◆ Problem to work on
Leave the pictures out, and transcribe the material below exactly from the line with "Barbara , 2.09, 53 cm, 2850 g" to the line with "苗栗大湖四份水土保持戶外教學小小解說員宣誓", both lines included.

◆ Entries supplied
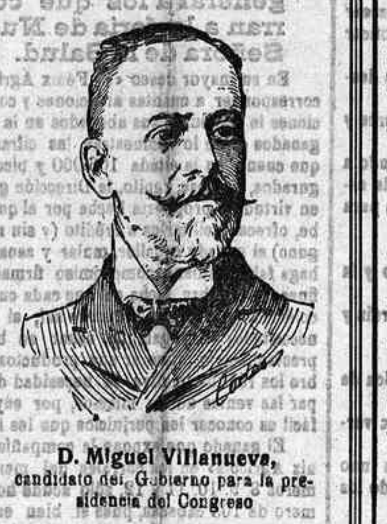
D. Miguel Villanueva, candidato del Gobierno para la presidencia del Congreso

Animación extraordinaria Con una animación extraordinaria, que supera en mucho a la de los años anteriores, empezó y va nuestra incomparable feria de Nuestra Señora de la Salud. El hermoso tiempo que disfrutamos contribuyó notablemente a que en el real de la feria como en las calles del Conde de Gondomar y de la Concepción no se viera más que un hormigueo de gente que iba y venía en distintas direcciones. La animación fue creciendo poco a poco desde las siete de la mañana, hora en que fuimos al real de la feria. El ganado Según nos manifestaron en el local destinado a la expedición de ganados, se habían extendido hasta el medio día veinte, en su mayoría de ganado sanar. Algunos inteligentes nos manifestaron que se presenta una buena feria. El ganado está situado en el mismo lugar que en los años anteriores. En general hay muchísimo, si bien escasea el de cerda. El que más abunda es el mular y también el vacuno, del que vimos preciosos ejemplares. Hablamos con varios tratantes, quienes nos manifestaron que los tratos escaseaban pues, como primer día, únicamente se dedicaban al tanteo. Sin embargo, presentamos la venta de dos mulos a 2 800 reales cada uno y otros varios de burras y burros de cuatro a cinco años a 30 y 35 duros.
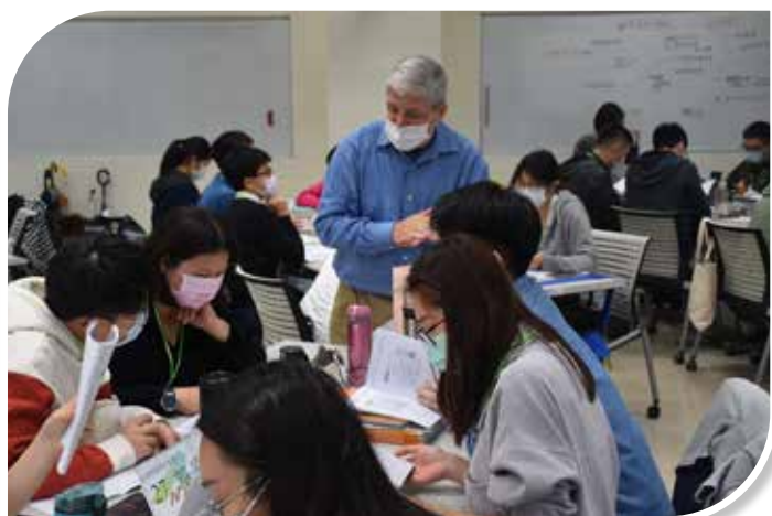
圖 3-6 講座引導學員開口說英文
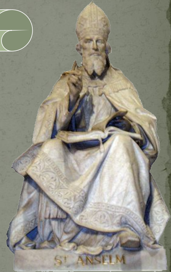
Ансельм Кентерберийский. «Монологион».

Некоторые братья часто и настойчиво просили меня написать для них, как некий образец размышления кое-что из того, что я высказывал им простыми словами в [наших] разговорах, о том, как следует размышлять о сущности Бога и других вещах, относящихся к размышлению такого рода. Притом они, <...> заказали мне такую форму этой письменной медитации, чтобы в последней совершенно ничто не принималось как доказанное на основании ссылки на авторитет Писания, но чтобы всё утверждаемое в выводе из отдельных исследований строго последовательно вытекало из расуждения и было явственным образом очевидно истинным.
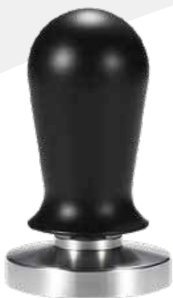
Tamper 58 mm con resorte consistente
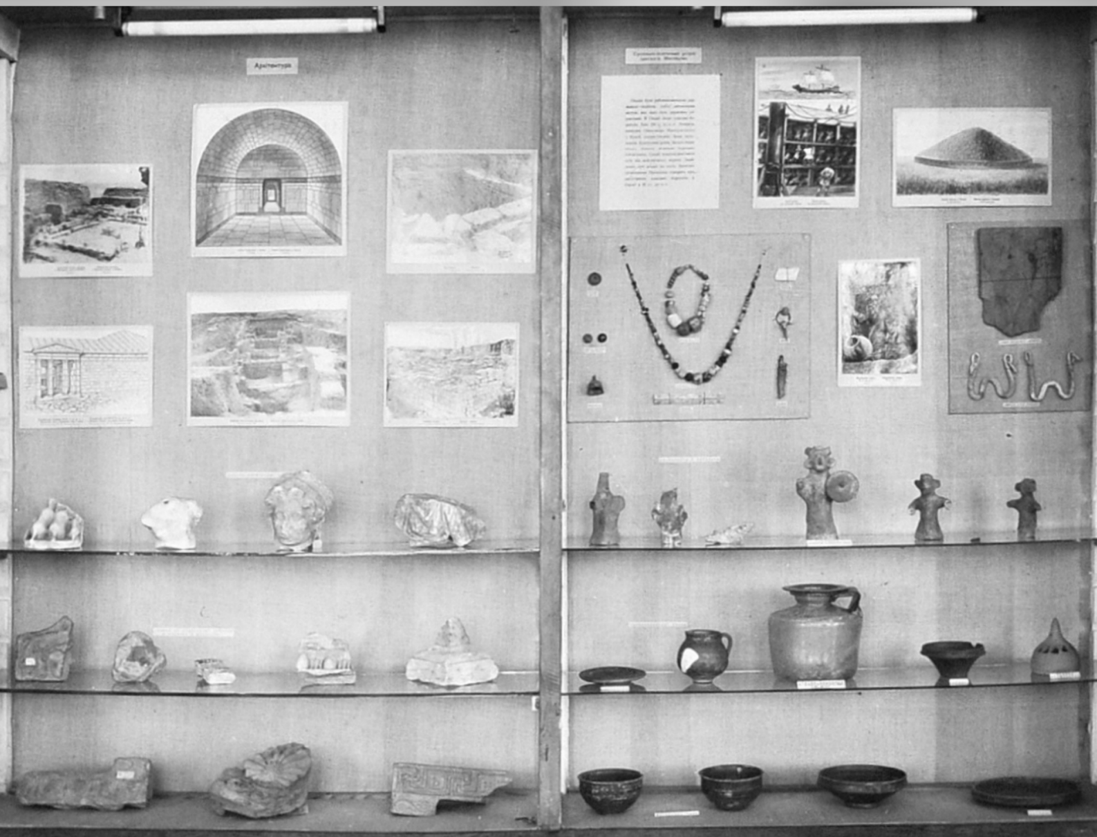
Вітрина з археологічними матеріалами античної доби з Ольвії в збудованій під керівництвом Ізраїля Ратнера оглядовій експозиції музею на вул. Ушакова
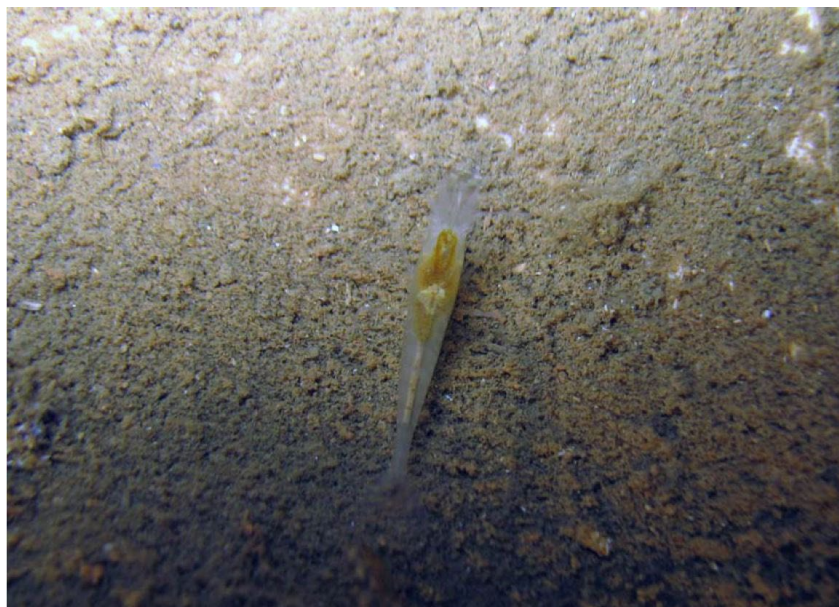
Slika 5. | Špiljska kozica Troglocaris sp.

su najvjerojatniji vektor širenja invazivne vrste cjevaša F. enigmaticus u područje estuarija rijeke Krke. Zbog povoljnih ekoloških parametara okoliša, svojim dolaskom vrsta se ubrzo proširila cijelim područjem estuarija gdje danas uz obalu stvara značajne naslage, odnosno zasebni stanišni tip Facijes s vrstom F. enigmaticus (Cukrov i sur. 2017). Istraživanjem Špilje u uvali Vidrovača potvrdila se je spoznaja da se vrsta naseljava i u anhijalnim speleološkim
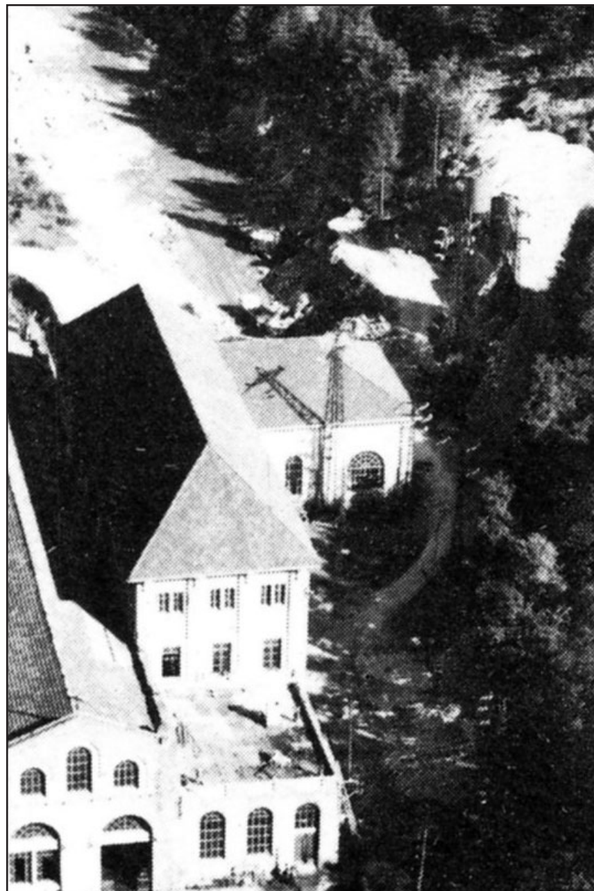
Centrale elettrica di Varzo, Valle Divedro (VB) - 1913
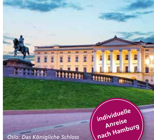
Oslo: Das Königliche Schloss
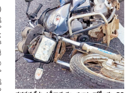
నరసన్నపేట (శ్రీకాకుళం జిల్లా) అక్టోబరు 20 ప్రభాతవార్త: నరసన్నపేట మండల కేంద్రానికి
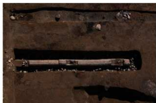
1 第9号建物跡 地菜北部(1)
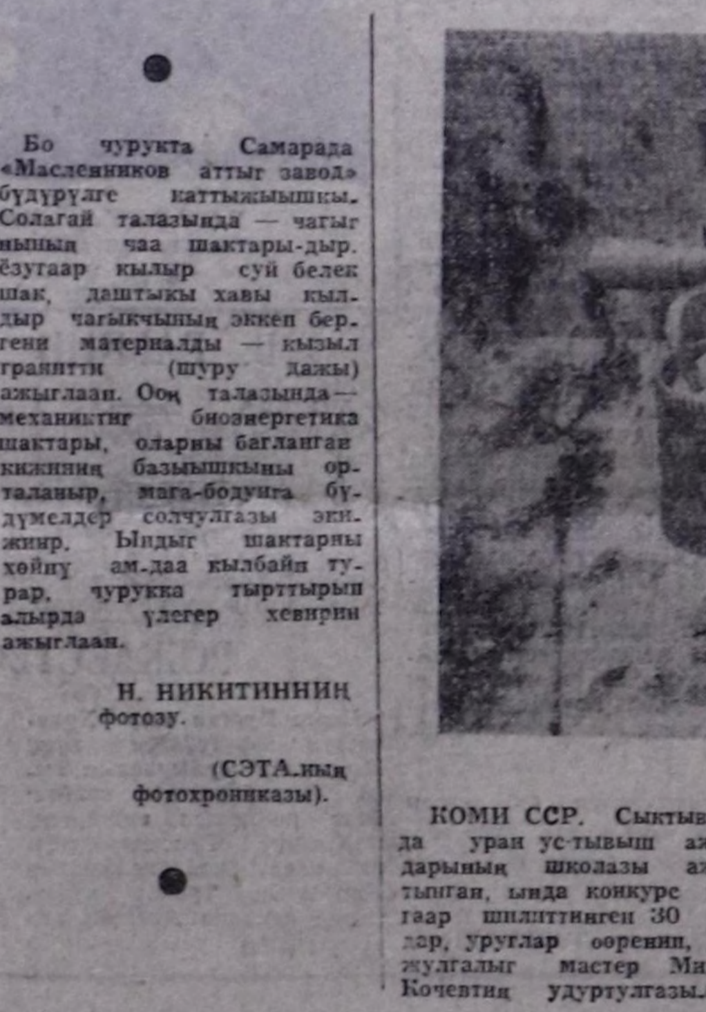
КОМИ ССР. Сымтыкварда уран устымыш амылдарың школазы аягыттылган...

==

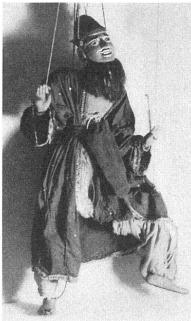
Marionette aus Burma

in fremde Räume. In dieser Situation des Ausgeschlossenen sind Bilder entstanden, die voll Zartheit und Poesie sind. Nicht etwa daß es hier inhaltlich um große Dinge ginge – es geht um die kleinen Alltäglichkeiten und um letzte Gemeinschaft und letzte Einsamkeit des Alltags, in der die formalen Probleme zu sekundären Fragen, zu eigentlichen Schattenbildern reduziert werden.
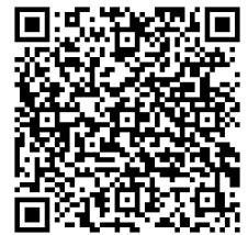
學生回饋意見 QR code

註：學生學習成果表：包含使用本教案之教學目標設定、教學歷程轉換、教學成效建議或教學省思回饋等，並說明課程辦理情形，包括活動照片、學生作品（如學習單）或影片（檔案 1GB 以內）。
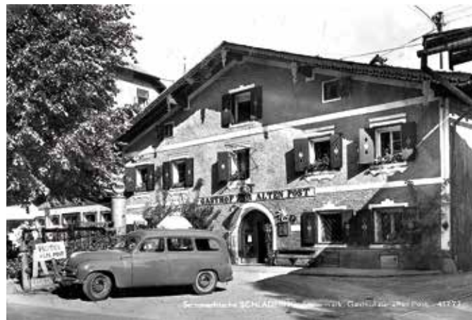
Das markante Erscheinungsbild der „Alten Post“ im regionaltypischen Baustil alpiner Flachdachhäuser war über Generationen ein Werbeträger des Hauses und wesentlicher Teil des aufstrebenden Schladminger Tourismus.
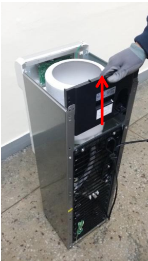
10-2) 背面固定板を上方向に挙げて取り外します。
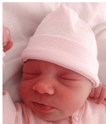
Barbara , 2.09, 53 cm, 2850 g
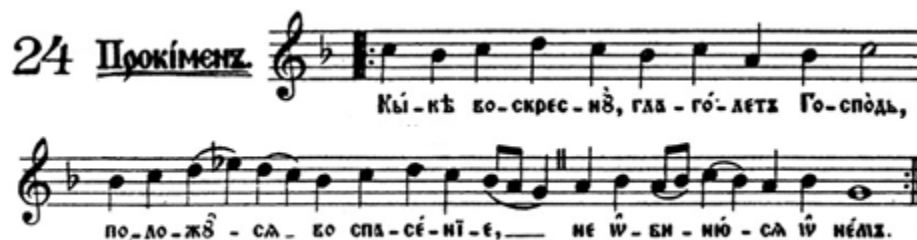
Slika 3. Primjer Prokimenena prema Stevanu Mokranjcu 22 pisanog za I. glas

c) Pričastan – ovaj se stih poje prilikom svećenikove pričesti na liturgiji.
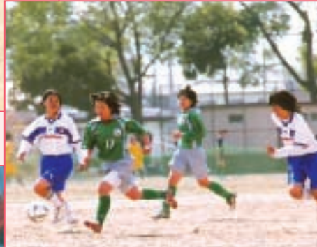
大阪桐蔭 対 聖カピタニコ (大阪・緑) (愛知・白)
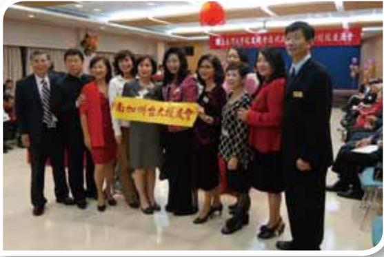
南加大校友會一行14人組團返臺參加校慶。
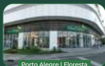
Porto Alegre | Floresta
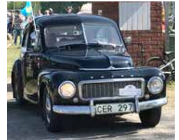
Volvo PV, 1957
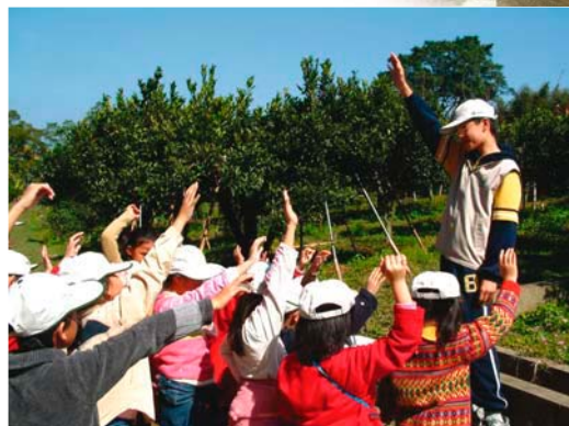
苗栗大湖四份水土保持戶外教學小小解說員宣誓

---

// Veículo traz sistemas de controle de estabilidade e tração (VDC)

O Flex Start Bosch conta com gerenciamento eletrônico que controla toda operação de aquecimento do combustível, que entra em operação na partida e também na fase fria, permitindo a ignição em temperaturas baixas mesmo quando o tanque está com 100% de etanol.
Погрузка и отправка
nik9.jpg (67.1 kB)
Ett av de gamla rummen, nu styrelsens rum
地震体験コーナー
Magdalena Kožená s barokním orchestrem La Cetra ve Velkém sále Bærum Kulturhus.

◆ Written reply
Barbara , 2.09, 53 cm, 2850 g
Slika 3. Primjer Prokimenena prema Stevanu Mokranjcu 22 pisanog za I. glas

c) Pričastan – ovaj se stih poje prilikom svećenikove pričesti na liturgiji.
大阪桐蔭 対 聖カピタニコ (大阪・緑) (愛知・白)
南加大校友會一行14人組團返臺參加校慶。
Porto Alegre | Floresta
Volvo PV, 1957
苗栗大湖四份水土保持戶外教學小小解說員宣誓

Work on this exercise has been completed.